Von Kathrin Werner, New York

Ryan hat ein neues Feuerwehrauto. Es ist so groß, dass er hineinkrabbeln kann, wenn es aufgebaut ist. Aber noch steckt es in der Kiste. Ryan darf es auspacken - und das ist oft der größte Spaß. "Bist du aufgeregt?", fragt seine Mutter. "Ja", antwortet Ryan und zappelt vor Freude. Unter großem Hallo schüttet sein Vater die Einzelteile aus der Kiste. Sieben Minuten lang bauen die beiden das Spielzeug dann im Youtube-Video zusammen. Mehr als eine Million Menschen haben ihnen dabei zugesehen.

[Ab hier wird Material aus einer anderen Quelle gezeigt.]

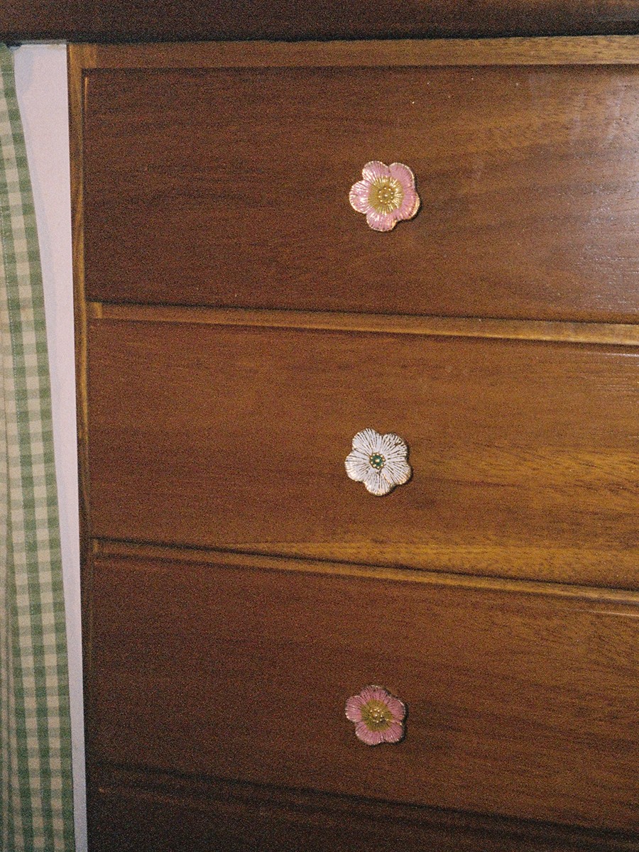 Fabricado en latón reciclado, este pomo mediano luce un precioso diseño floral blanco con intrincados detalles verdes en el centro. Perfecto para renovar cajones, armarios o roperos, combina sostenibilidad con un estilo atemporal.

Ryan ist sieben Jahre alt und der wohl bestbezahlte Youtube-Star der Welt. Sein Kanal "Ryans Toys Review" hat 18 Millionen Abonnenten. Ryan spielt mit neuen Spielsachen und bekommt dafür Geld. Sehr viel Geld. 22 Millionen Dollar im Jahr sind es laut einer Schätzung des Magazins Forbes. Die Formel ist fast immer gleich: Ryan, dessen Nachname geheim gehalten wird, findet einen großen Karton, einen Pappmaché-Ball, riesige Plastik-Ostereier oder andere aufwendige Spielzeugverpackungen, macht sie auf, jubelt und spielt. Sein erfolgreichstes Video wurde unvorstellbare 1,8 Milliarden Mal angesehen.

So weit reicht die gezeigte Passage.